常安闭眼赶紧装睡,可很快一具冰凉的身子贴过来,她挣了挣,周勀扣着她的腰身,“别动,就抱抱你!”这一声完全没了刚才的缠绵温柔,更多的是无奈与怄愤。
常安曲了下身子,没敢再动,又隔了一会儿,身后的人似乎平静了许多,才听到他再度发声:“三番四次这样,我早晚得废你手里!”
常安听了“噗嗤”一笑,气得周勀在她脑门上扣了一下,“还笑?”
可是天地良心,她真不是幸灾乐祸,就是无端觉得这场景特别搞笑,转过身来,看到周勀那张郁郁不得志的黑脸之后又笑了两声。
“不是,我…我没忍住,就是觉得…可能我们在这事上八字犯冲!”
周勀气得在她唇上咬了一口。
常安吃疼,他干脆埋于颈间撕咬,常安被他弄得咯咯直笑,“喂!”
“惩罚你!”
“可是好痒。”
“痒就对了,等你身上干净,我要弄得你下不了床!”
“……”
气得常安捶他肩膀,“臭流氓!”
可周勀动作不停,嘴里笑回:“你第一天知道我是臭流。氓?”
“你……”
“真刀实枪的时候你再试试,试完你才知道什么叫臭流。氓。”
一通闹腾,又要擦枪走火,但只可观弄不可食的滋味实在难受,周勀不想一晚来两次,所以侃侃止住,搂着常安找话题聊天,聊了差不多大半个小时,常安也睡着了,依旧像猫一样蜷着缩在周勀怀里。

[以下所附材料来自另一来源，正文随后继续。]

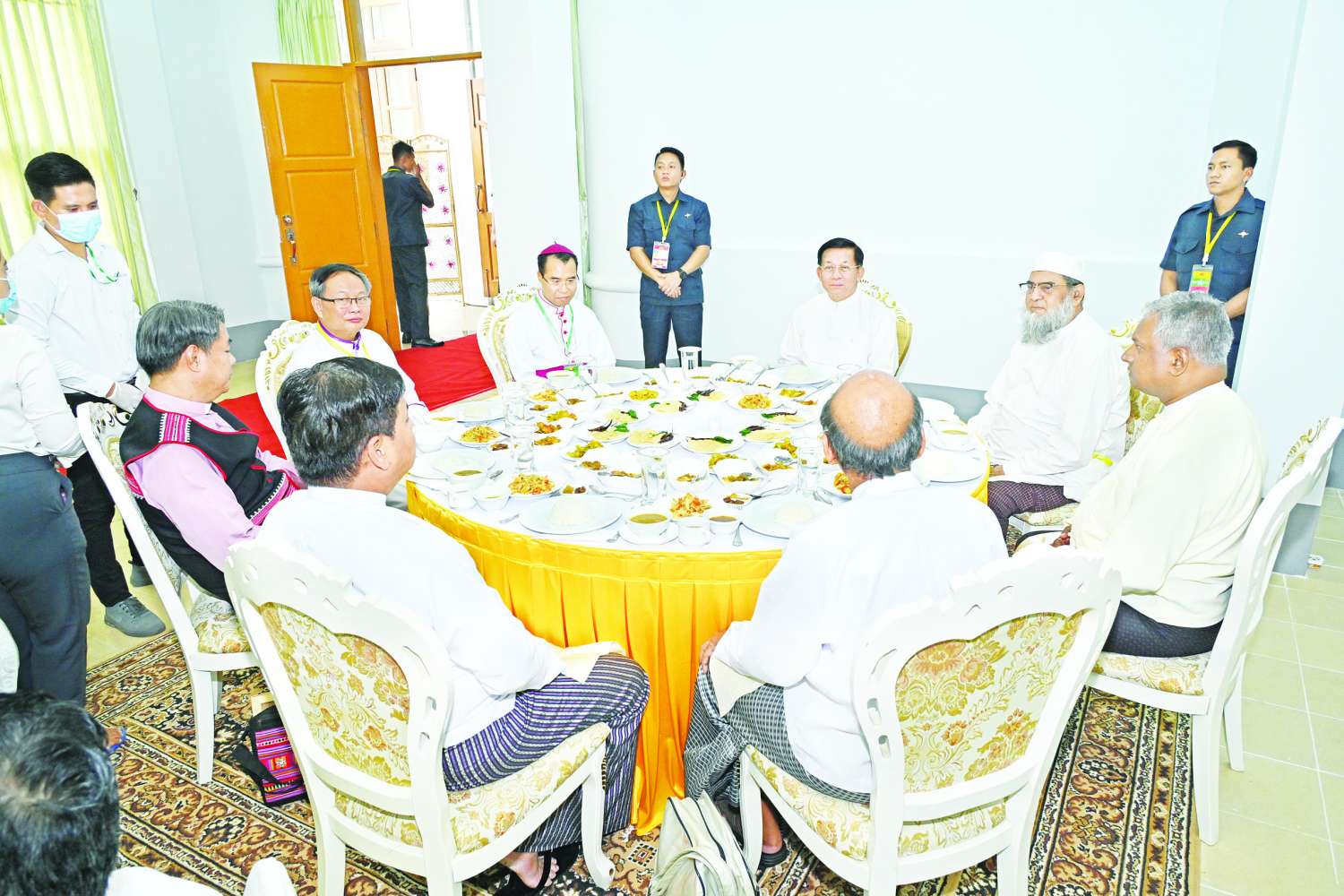အခမ်းအနားအပြီးတွင် နိုင်ငံတော်စီမံအုပ်ချုပ်ရေးကောင်စီဥက္ကဋ္ဌ နိုင်ငံတော်ဝန်ကြီးချုပ်က တက်ရောက်လာကြသည့် ဘာသာပေါင်းစုံအသင်းအဖွဲ့များမှ ဥက္ကဋ္ဌများ၊ တာဝန်ရှိသူများအား နေ့လယ်စာဖြင့် တည်ခင်းဧည့်ခံခဲ့ပြီး ရင်းရင်းနှီးနှီးနှုတ်ဆက်ခဲ့ကြောင်း သတင်းရရှိသည်။

欲念烧尽之后便是漫漫长夜,周勀身上的火已经冷却,但心头的柔软却越来越深浓。
他抚开常安遮在眼角的头发,巴掌大一张脸,此时枕在他臂上睡得安静恬然。
周勀忍不住又贴过去吻了一下,怀里的人不爽地皱眉吭气,他立即止住下一步动作,只在黑暗中用目光勾勒她的模样。
有些东西会上瘾,感情亦是。
以前他不相信,但现在觉得也不是不可能。
“乖一点,什么都能依你!”
他搂着怀里的女人喃喃自语。
常安梦里似乎听到谁在喊她的名字,一声连着一声,似远似近,她在迷雾中跌跌撞撞地往前走,揪住眼前人……
一饷乱梦,直至第二日清晨。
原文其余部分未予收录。